Breaking News

3 Alasan Vladimir Putin akan Temui Kim Jong Un di Korea Utara


 Jakarta, detiknews.com - Presiden Rusia Vladimir Putin akan mengunjungi Korea Utara (Korut) dan bertemu Kim Jong Un mulai hari ini. Kunjungan ini akan menjadi kali pertama bagi Putin menyambangi Pyongyang sejak 24 tahun lalu saat Kim Jong-il masih berkuasa.

Kremlin telah mengonfirmasi tentang rencana kunjungan Presiden Rusia Vladimir Putin ke Korea Utara yang diagendakan pada Selasa (18/6/2024).

Kepastian ini mengakhiri spekulasi yang berlangsung selama berbulan-bulan tentang kunjungan tersebut.

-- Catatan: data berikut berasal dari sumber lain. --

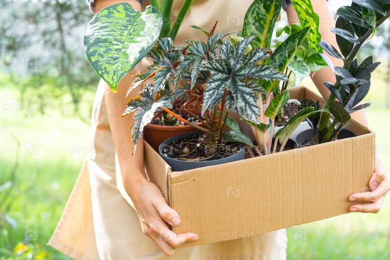 Цветочник упаковывает комнатные растения в коробку для доставки покупателю.Продажа, безопасная отправка растений из магазина, посылка.Цветочный магазин, домашний малый бизнес, питомник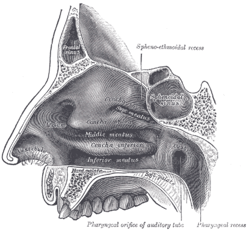 Придаточными пазухами носа являются — лобная, верхнечелюстная (Гайморова) и клиновидная, а также ячейки лабиринта решётчатой кости.

Sebelumnya, rencana kunjungan Putin ke Pyongyang diungkapkan secara resmi oleh pejabat dari Kantor Kepresidenan Korea Selatan ke wartawan saat kunjungan kenegaraan Presiden Yoon Seok-yeol ke Kazakhstan.

Ada pula laporan yang menyebutkan Pyongyang mulai melakukan persiapan guna menyambut kunjungan Presiden Putin.

Putin menerima undangan dari Kim Jong Un pada September tahun lalu, setelah mereka melakukan pertemuan puncak di Kosmodrom Vostochny, Rusia.

Jika pertemuan pemimpin Korea Utara-Rusia tahun lalu itu sebagai upaya meletakkan dasar hubungan antarkedua negara, beberapa analis menilai, kunjungan kali ini akan menjadi langkah penting untuk menunjukkan kemajuan signifikan yang telah dicapai.

Dalam pertemuan di Korut ini, perhatian global tertuju pada kemungkinan peningkatan hubungan kerja sama militer Rusia-Korut, seperti pertukaran senjata dan program nuklir.

Pertemuan ini juga disebut dapat menjadi peluang memperkuat kerja sama di berbagai bidang, termasuk ekonomi, masyarakat, budaya, pertanian, dan pariwisata.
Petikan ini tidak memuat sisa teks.